Sunday, 4 October 2009

North Devon Magazine, 1824

From Google Books: North Devon Magazine: containing The Cave and Lundy Review, Volumes 1-2 (W Searle, Barnstaple, 1824).

Online in full, this is the 274-page compilation of two early 19th century provincial magazines; here's the general index. The content is varied and quaint, as described in John Presland's 1917 Lynton and Lynmouth:

They are the Lundy Review and The Cave, and they contain stories, poetry, puns, epigrams, acrostics, all with the mild, faint flavour of a curate's tea-party in a cathedral town ... There is poetry of the Lake School fashion, exhortations to Bideford and Woody Bay, to Lynton or "The Beauties of Devon"; there is more poetry of the Byronic fashion, fierce and satiric invective (yet never, be it understood, transgressing the bounds of decency or good manners!) against the lady of the poet's affection; there are stories, in which love and virtue triumph over temptation and evil-doing; there is, of course, at least one story of a blind girl, and one of a consumptive; there is much harmless punning, and in the acrostics which the ladies of 1820 so much loved are fantastically woven the names of the handsome young women of Barnstaple whose only other record is now on a tombstone

Not only the people but also the topical references are long gone. You run into sentences like this:

The Cave ... will also be regularly deposited, for earlier perusal, and the convenience of the wet-paper clubs, at ...
- p5, North Devon Magazine

"Wet-Paper Club" turns out to refer to groups who would gather and get first look at newspapers as soon as they came off the press - see p319, The Visitor: or, Monthly instructor, Religious Tract Society, 1841) - while the paper was still damp from the necessary wetting prior to printing.

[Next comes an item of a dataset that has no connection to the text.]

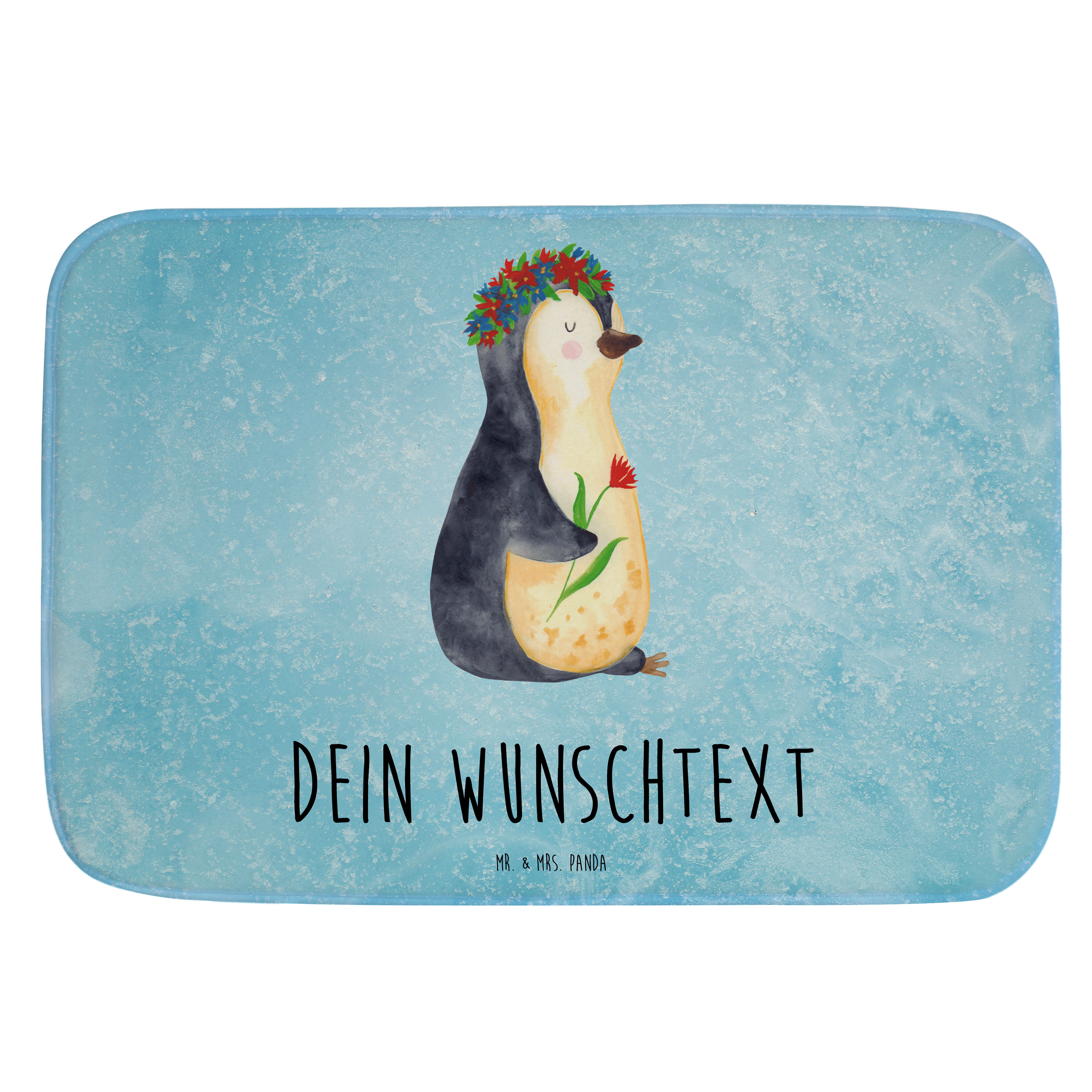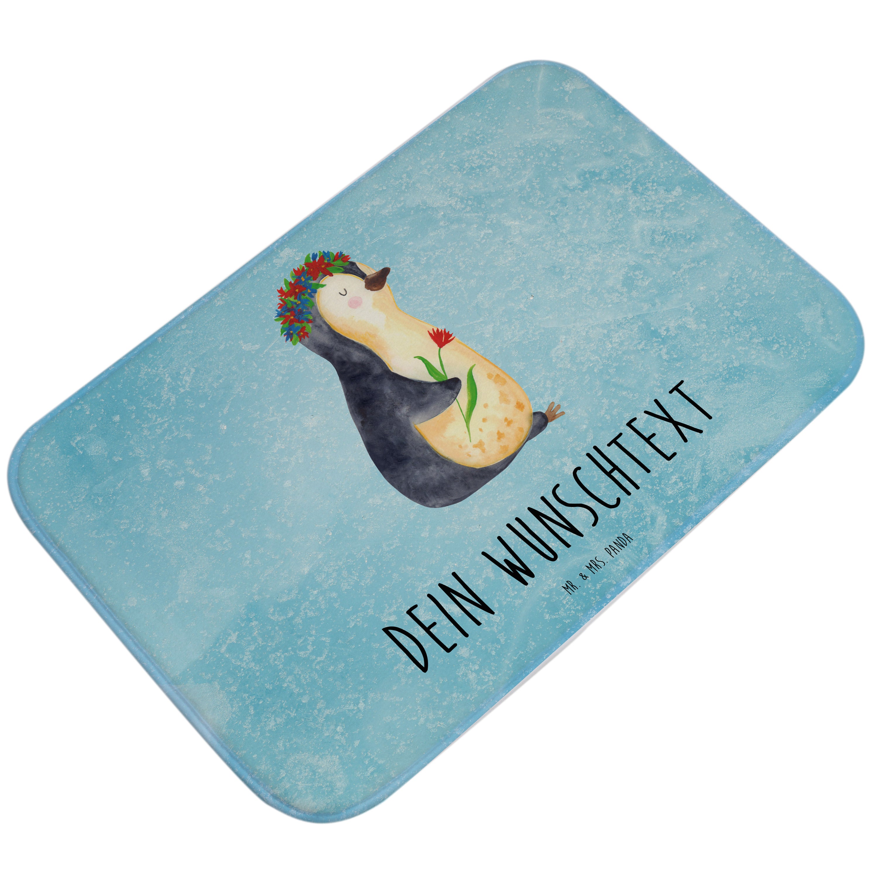Personalisierter Badvorleger Pinguin Blumen

Considering the date, the publication is very readable. There's a strong focus on Barnstaple - such as this song about Barnstaple Fair - with frequent use of the old name Barum that was revived in Victorian times. The place sounds very lively, with a lot of gossip and romance conducted in coded form through the pages of the magazines. A handwritten annotation to the Google Books copy identifies the pseudonymous editor, "Dry-Den Beauclerc", as the curate of Braunton. Barnstaple was, incidentally, quite a busy place for literature in the early 19th century: The Western antiquary, Volume 11 (William Henry Kearley Wright, 1893) has a series, "Extinct Devonshire Periodicals", mentioning a number of similar publications, all short-lived: the The Crackling Goose (1823), the weekly The Gossip (1823) and The Universal Medley (1824). A newspaper, the Barnstaple and Bideford Miscellany and North Devon Advertiser, was published in the same time slot.

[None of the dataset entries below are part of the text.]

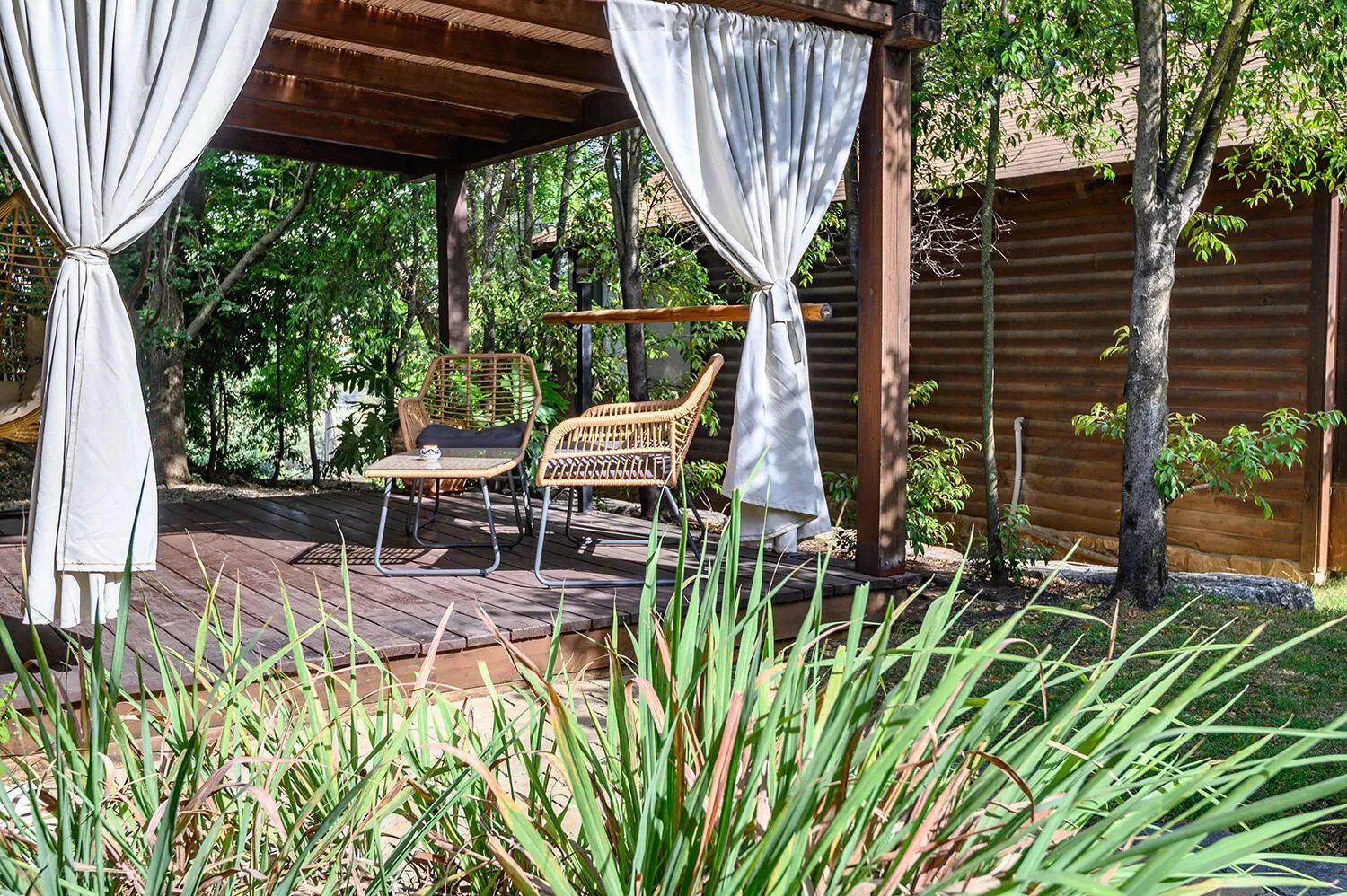 Each cabin has a private covered yard built on a wooden deck and framed by green garden areas. In the courtyards of the "Winter" and "Summer" cabins, guests will find a spacious spa jacuzzi. To achieve privacy in this area, you can move a curtain hanging at the entrance to the courtyard.
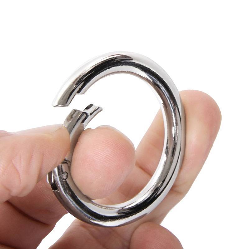 Magnificent original and aesthetic carabiner, in the shape of a ring with a push opening, easy to use and preventing any untimely opening.
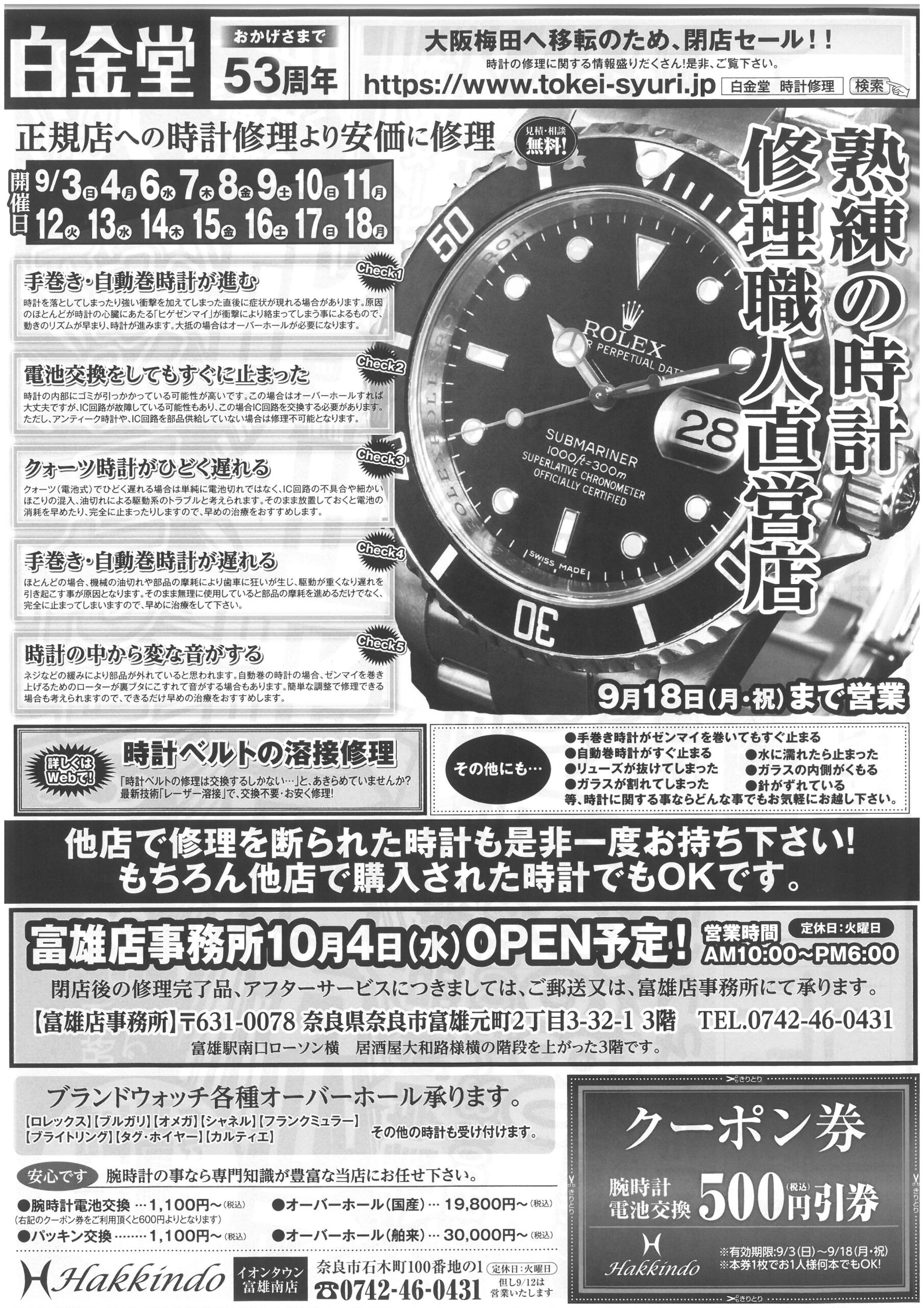 時計修理工房白金堂

If you can find it, Sketches of the literary history of Barnstaple: being the substance of a series of papers read at The Literary Institution, Barnstaple. To which is appended the diary of Philip Wyot, town clerk of Barnstaple, from 1586 to 1608 (John Roberts Chanter, 1866) goes into considerable detail about Barnstaple's literary connections. For instance, John Gay was born there; the liberal journalist John Lash Latey was educated in Barnstaple; John Dodderidge of Barnstaple founded the Dodderidge Library; and Percy Bysshe Shelley's early works were published by a Barnstaple printer called Syle.

Presland's Lynton and Lynmouth is itself online: Project Gutenberg EText-No. 22765 includes an HTML version with the colour plates.